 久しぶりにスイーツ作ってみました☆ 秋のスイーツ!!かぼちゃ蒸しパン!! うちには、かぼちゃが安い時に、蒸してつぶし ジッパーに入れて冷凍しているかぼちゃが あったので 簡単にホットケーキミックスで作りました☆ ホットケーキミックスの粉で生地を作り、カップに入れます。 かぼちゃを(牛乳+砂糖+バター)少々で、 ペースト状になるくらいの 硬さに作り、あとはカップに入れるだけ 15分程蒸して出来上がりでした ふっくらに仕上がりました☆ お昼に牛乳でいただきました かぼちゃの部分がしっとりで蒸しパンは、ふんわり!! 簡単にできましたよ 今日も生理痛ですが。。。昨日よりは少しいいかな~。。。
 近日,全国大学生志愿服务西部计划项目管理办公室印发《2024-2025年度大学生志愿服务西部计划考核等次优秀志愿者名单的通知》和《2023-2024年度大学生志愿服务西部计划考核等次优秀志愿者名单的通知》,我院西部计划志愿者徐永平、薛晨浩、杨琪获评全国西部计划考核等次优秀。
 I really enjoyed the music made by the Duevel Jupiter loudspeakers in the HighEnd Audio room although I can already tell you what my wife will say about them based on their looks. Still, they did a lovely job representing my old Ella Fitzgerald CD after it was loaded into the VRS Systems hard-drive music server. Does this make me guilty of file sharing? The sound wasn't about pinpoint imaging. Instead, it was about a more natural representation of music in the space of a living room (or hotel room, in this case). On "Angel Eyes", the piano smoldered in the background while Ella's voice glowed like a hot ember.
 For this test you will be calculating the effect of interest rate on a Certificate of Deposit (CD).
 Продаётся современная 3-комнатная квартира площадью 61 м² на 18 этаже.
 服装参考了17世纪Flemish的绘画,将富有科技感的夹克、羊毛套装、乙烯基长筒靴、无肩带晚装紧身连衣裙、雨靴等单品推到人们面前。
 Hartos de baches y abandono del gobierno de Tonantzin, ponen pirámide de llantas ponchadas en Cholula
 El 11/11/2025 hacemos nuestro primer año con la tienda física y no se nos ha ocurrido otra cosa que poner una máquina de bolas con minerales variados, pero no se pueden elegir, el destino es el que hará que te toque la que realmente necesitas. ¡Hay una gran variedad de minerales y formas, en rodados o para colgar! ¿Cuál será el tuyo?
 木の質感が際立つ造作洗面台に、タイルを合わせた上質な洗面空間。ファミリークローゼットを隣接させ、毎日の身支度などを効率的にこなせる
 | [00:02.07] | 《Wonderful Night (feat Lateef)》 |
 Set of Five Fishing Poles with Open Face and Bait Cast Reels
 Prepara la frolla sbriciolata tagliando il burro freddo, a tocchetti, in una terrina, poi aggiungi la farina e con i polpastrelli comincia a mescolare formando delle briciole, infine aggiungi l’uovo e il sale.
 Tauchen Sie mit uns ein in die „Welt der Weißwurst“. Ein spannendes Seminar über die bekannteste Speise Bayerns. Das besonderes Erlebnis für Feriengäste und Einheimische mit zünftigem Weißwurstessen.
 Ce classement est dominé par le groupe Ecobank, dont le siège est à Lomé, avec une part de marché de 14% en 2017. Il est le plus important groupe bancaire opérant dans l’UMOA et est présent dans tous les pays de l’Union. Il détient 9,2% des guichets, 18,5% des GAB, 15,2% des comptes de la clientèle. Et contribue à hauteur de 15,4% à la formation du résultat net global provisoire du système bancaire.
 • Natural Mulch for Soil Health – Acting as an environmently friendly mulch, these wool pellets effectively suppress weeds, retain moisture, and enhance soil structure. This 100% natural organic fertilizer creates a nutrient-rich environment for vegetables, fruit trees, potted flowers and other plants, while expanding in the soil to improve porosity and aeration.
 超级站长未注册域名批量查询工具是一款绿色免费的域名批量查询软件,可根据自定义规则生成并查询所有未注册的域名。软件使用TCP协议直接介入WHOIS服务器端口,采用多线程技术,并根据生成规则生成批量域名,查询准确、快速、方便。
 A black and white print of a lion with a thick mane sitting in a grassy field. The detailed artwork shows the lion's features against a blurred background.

※

▶ What the task requires
Word for word, return the entire set of entries.

▶ Exercise answer
 久しぶりにスイーツ作ってみました☆ 秋のスイーツ!!かぼちゃ蒸しパン!! うちには、かぼちゃが安い時に、蒸してつぶし ジッパーに入れて冷凍しているかぼちゃが あったので 簡単にホットケーキミックスで作りました☆ ホットケーキミックスの粉で生地を作り、カップに入れます。 かぼちゃを(牛乳+砂糖+バター)少々で、 ペースト状になるくらいの 硬さに作り、あとはカップに入れるだけ 15分程蒸して出来上がりでした ふっくらに仕上がりました☆ お昼に牛乳でいただきました かぼちゃの部分がしっとりで蒸しパンは、ふんわり!! 簡単にできましたよ 今日も生理痛ですが。。。昨日よりは少しいいかな~。。。
 近日,全国大学生志愿服务西部计划项目管理办公室印发《2024-2025年度大学生志愿服务西部计划考核等次优秀志愿者名单的通知》和《2023-2024年度大学生志愿服务西部计划考核等次优秀志愿者名单的通知》,我院西部计划志愿者徐永平、薛晨浩、杨琪获评全国西部计划考核等次优秀。
 I really enjoyed the music made by the Duevel Jupiter loudspeakers in the HighEnd Audio room although I can already tell you what my wife will say about them based on their looks. Still, they did a lovely job representing my old Ella Fitzgerald CD after it was loaded into the VRS Systems hard-drive music server. Does this make me guilty of file sharing? The sound wasn't about pinpoint imaging. Instead, it was about a more natural representation of music in the space of a living room (or hotel room, in this case). On "Angel Eyes", the piano smoldered in the background while Ella's voice glowed like a hot ember.
 For this test you will be calculating the effect of interest rate on a Certificate of Deposit (CD).
 Продаётся современная 3-комнатная квартира площадью 61 м² на 18 этаже.
 服装参考了17世纪Flemish的绘画,将富有科技感的夹克、羊毛套装、乙烯基长筒靴、无肩带晚装紧身连衣裙、雨靴等单品推到人们面前。
 Hartos de baches y abandono del gobierno de Tonantzin, ponen pirámide de llantas ponchadas en Cholula
 El 11/11/2025 hacemos nuestro primer año con la tienda física y no se nos ha ocurrido otra cosa que poner una máquina de bolas con minerales variados, pero no se pueden elegir, el destino es el que hará que te toque la que realmente necesitas. ¡Hay una gran variedad de minerales y formas, en rodados o para colgar! ¿Cuál será el tuyo?
 木の質感が際立つ造作洗面台に、タイルを合わせた上質な洗面空間。ファミリークローゼットを隣接させ、毎日の身支度などを効率的にこなせる
 | [00:02.07] | 《Wonderful Night (feat Lateef)》 |
 Set of Five Fishing Poles with Open Face and Bait Cast Reels
 Prepara la frolla sbriciolata tagliando il burro freddo, a tocchetti, in una terrina, poi aggiungi la farina e con i polpastrelli comincia a mescolare formando delle briciole, infine aggiungi l’uovo e il sale.
 Tauchen Sie mit uns ein in die „Welt der Weißwurst“. Ein spannendes Seminar über die bekannteste Speise Bayerns. Das besonderes Erlebnis für Feriengäste und Einheimische mit zünftigem Weißwurstessen.
 Ce classement est dominé par le groupe Ecobank, dont le siège est à Lomé, avec une part de marché de 14% en 2017. Il est le plus important groupe bancaire opérant dans l’UMOA et est présent dans tous les pays de l’Union. Il détient 9,2% des guichets, 18,5% des GAB, 15,2% des comptes de la clientèle. Et contribue à hauteur de 15,4% à la formation du résultat net global provisoire du système bancaire.
 • Natural Mulch for Soil Health – Acting as an environmently friendly mulch, these wool pellets effectively suppress weeds, retain moisture, and enhance soil structure. This 100% natural organic fertilizer creates a nutrient-rich environment for vegetables, fruit trees, potted flowers and other plants, while expanding in the soil to improve porosity and aeration.
 超级站长未注册域名批量查询工具是一款绿色免费的域名批量查询软件,可根据自定义规则生成并查询所有未注册的域名。软件使用TCP协议直接介入WHOIS服务器端口,采用多线程技术,并根据生成规则生成批量域名,查询准确、快速、方便。
 A black and white print of a lion with a thick mane sitting in a grassy field. The detailed artwork shows the lion's features against a blurred background.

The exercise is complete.